More often than not, the best defence is acceptance. Filipino communities are characterised by their optimism—in part, influenced by a strong Catholic faith—to overcome hardship and sustain joy in their lives. For a nation plagued by divisive politics, and when one cannot rely on the national or even local authorities to deliver efficient and effective services, resilience is left to the community level. This means ground-up initiatives that emphasise self-reliance and ‘making do’ are common when the community is met with setbacks.
What roles can brands play?
Mirroring the codes of resilience in different markets, communication strategies can adopt one or many roles of inspiration, facilitation, celebration, and/or guidance.
Resilience as trust calls for brands to play the role of a guide, one that delivers credible expert advice on what to do, with clarity in benefits and appealing to rational considerations. In Singapore, there is an inclination to look for guidance from the top or from experts to give clarity to model decisions and behaviour. But with the recent initial breakdown in resilience from individuals and the community when faced with the first test, Grab has demonstrated how it can fill in the gap for the role of facilitation, helping the community organise to show their appreciation and support for healthcare workers.

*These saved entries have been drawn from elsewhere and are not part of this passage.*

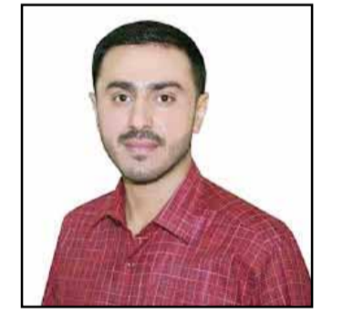
سيف صلاح الهييتي

مرة: واشنطن لم تعد مستعدة لتمويل حربه إلى ما لا نهاية، ولا لإنقاذه دون تنازلات قاسية. خلال الاجتماع، الذي وصفته وسائل الإعلام بأنه «الأكثر إذلالاً لرئيس أجنيبي داخل البيت الأبيض»، تعرض زيلنسكي لضغوط شديدة، خصوصا فيما يتعلق بوقف الحرب مع روسيا وتوقيع اتفاق المعادن، الذي يمنح الشركات الأمريكية امتيازات واسعة في استخراج الموارد الأوكرانية. ترامب لم يكتف بالضغط، بل أنهى اللقاء بطرد زيلنسكي من البيت الأبيض، قائلا له بلهجة حادة إنه لن يكون مرحباً به مجدداً إلا إذا جاء مستعداً للسلم. إهانة بهذا المستوى لم يتعرض لها أي رئيس دولة سابقاً. ضيق الخيارات وسقوط الوعودات، زيلنسكي، الذي لم يملك أي أوراق ضغط حقيقية، حاول التمسك بفكرة الضمانات الأمنية الأمريكية بل وطالب بإرسال قوات أمريكية لحماية أوكرانيا، لكن الرد الأمريكي كان واضحاً: لا مزيد من التورط المباشر، وأي دعم مستقبلي مشروط بالتفاوض مع موسكو وفق الشروط الأمريكية. ما زاد الطين بلة، أن زيلنسكي لم يجد أي دعم حقيقي في أوروبا أيضاً، فقبل لقائه بترامب، كان رئيس الوزراء
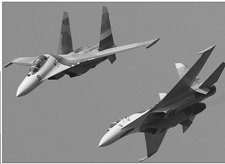
* Воздушный бой.
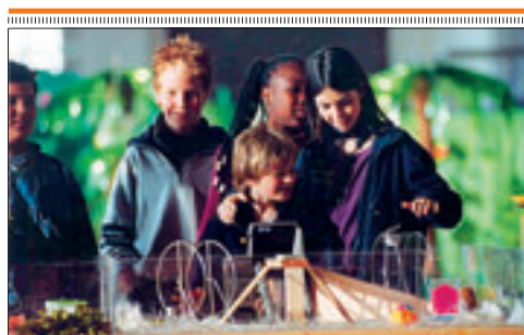
►► Imatge del telefilm (a dalt) i portada del llibre (a sota).
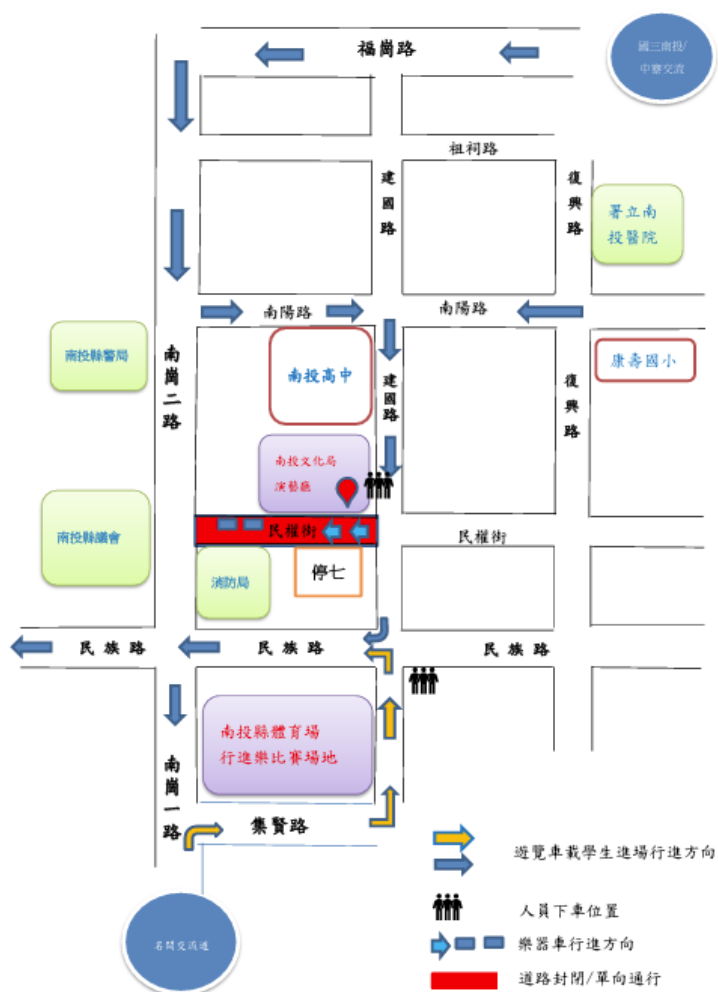
全國音樂比賽中區決賽 文化局 週邊道路及比賽規劃動線(進場)
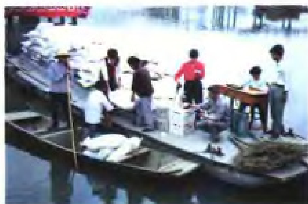
(29) 兴化市海南供销社送肥下乡
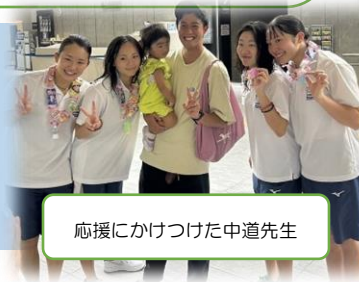
応援に駆けつけた中道先生
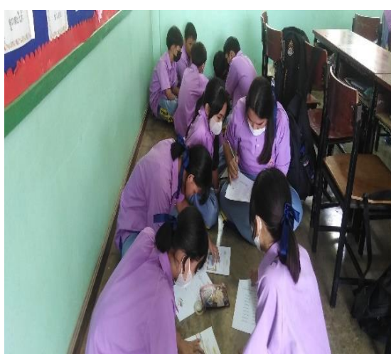
ภาคผนวก ๑๕ ฝึกความรับผิดชอบในการทำกิจกรรมร่วมกับเพื่อนๆด้วยความตั้งใจและมีความสุข
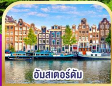
อัมสเตอร์ดัม
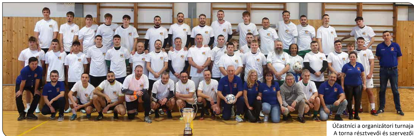
Účastníci a organizátori turnaja A torna résztvevői és szervezői
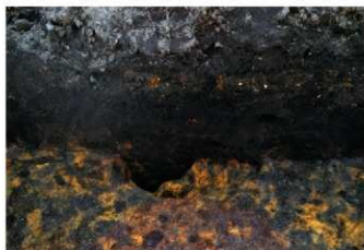
1. 2トレ掘り込み① (東から)
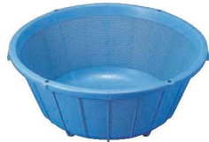
①リス PP バイスケツトⅡ 加
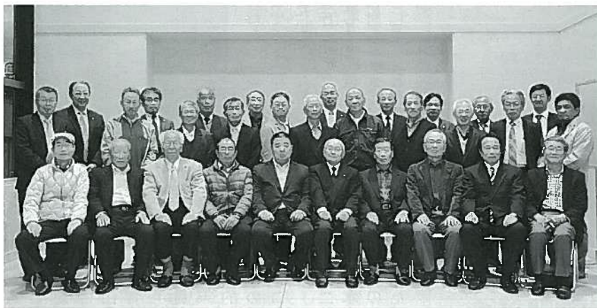
参加者全員での記念撮影
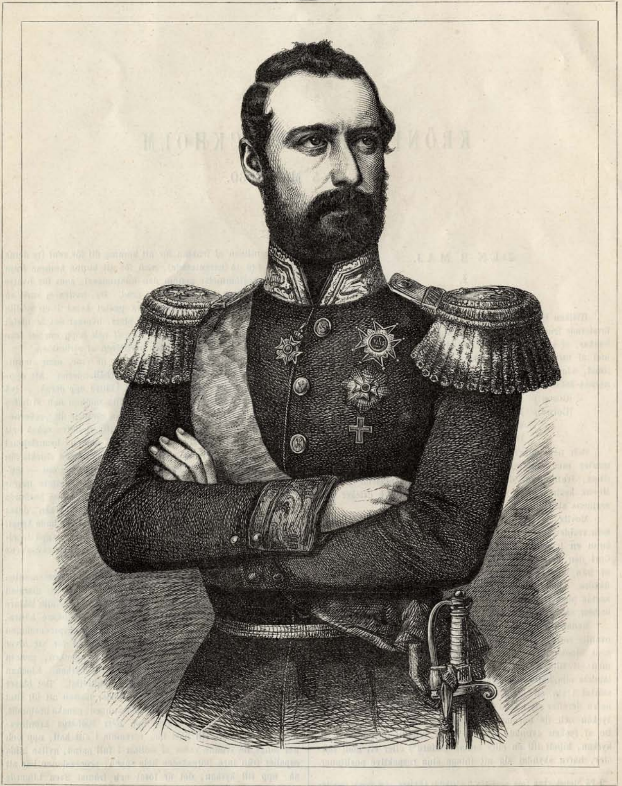
CARL XV LUDVIG EUGÈNE, SVERGES OCH NORGES KÖNING.
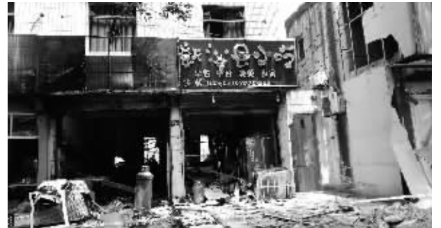
爆炸过后,一片狼藉
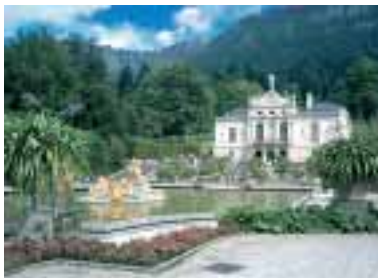
Schloss Linderhof

Die Auswahl der Musikstücke ist dem Anlass entsprechend. Natürlich darf bei einem Geburtstagsständchen für den Märchenkönig die Musik seines Lieblingskomponisten nicht fehlen. So kommen Richard Wagners Festmusik, Musik aus dem „Ring der Nibelungen“ und aus dem „Parsifal“ zur Aufführung, aber auch höfische Melodien im Stil von W. A. Mozart, perfekt zum Ambiente von Schloss und Park passend, werden zu hören sein.
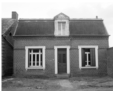
Esquéhéries, maison (étudiée), 20 rue de Verdun. IVR22_19960200886X
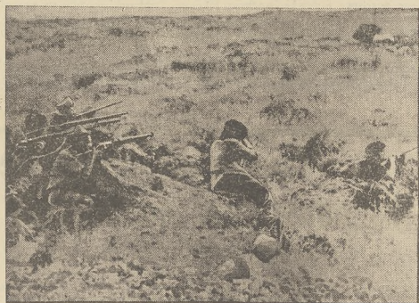
Grupa milicji rządowej na przełęczach górskich pod Madrytem.

ści. Dopiero wojna w Afryce otworzyła ujście dla włoskiej ludności nieprodukującej.
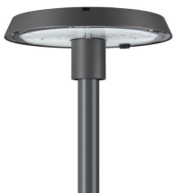
TownTune CPT BDP260
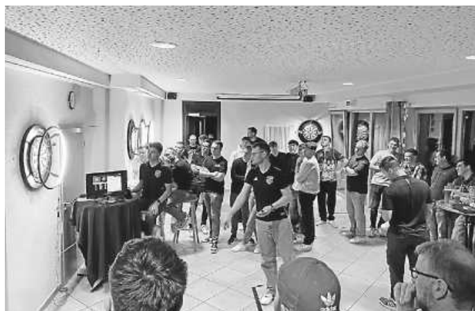
Einiges Los im Vereinshaus
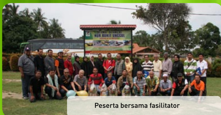
Peserta bersama fasilitator
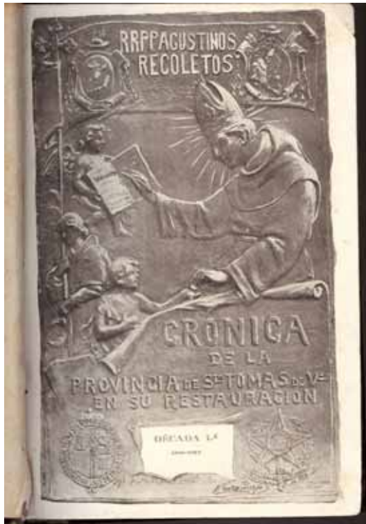
Ilustração 1 - Página de abertura do Livro de Crônicas
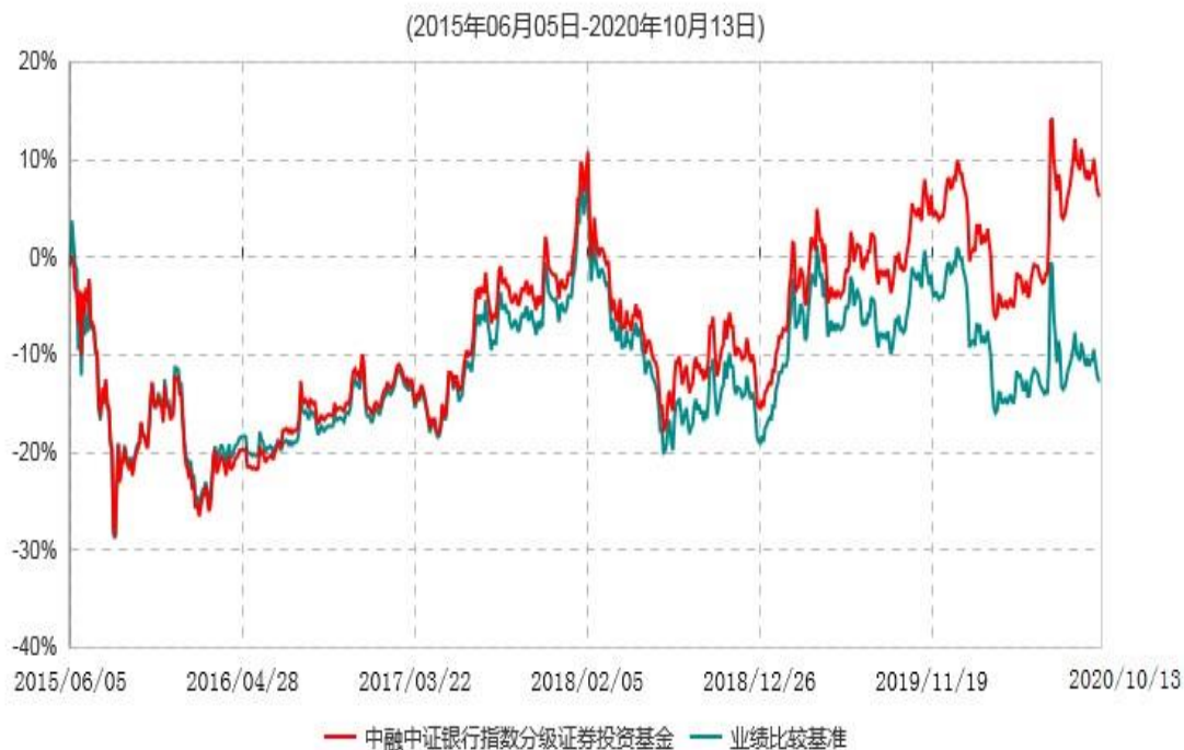
中融中证银行指数分级证券投资基金累计净值增长率与业绩比较基准收益率历史走势对比图
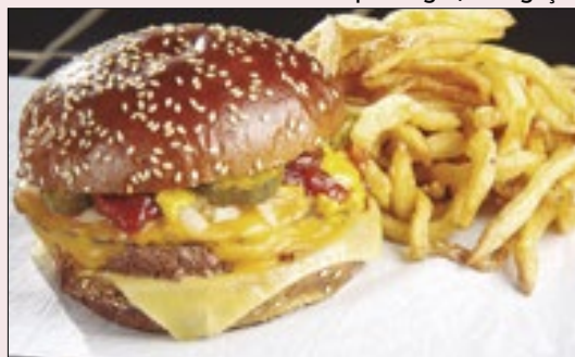
O hambúrguer do Encarnado é uma das opções do succulento roteiro que o Correio preparou pra você na data em que se celebra o famoso sanduíche
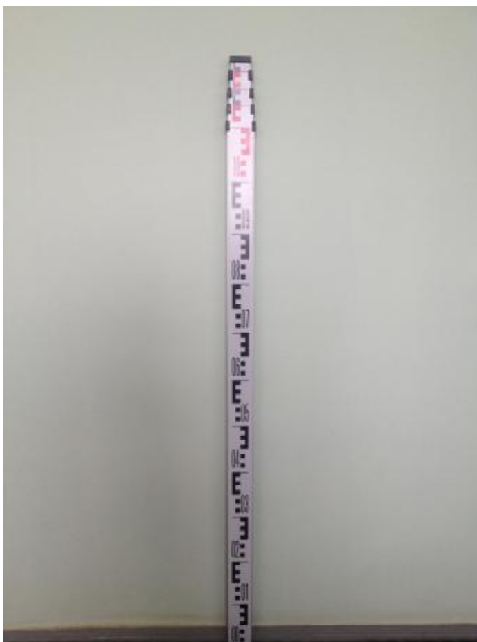
Рисунок 1 - Внешний вид рейки

Схема обозначения мест для размещения наклеек приведена на рисунке 5.
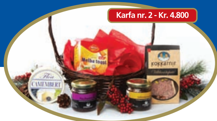
Karfa nr. 2 - Kr. 4.800

Mikið úrval af sælkeragjafakörfum til að gleðja viðskiptavini og starfsfólk. Körfurnar koma fallega innpakkaðar í sellófani með slaufu. Hafðu samband í síma 511 4466 eða skoðuðu heimasíðuna www.kokkarnir.is og fáðu upplýsingar um verð og hvaða körfur henta þér.
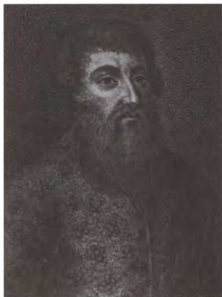
Князь Д.Т. Трубецкой. Неизвестный художник

Resilience as resourcefulness calls for brands to play the role of celebration. With ground up efforts naturally underway as an everyday life reality, brands can help convey hope and optimism by championing the everyday heroes who are making a difference.
Considerations for brand owners to develop a "resilient" brand
- Times of crisis offer a meaningful window of opportunity for brands to put their messages of brand purpose into action.
- Respond quickly and create campaigns that are aimed at strengthening connections with consumers and creating value for the community, with immediate impact in helping to improve the situation
- Understanding the market cultural context is important if brands are to know which role (inspiration, facilitation, celebration, and/or guidance) is most appreciated and effective.
Ri An Quek is a culture insights lead with Quantum Consumer Solutions.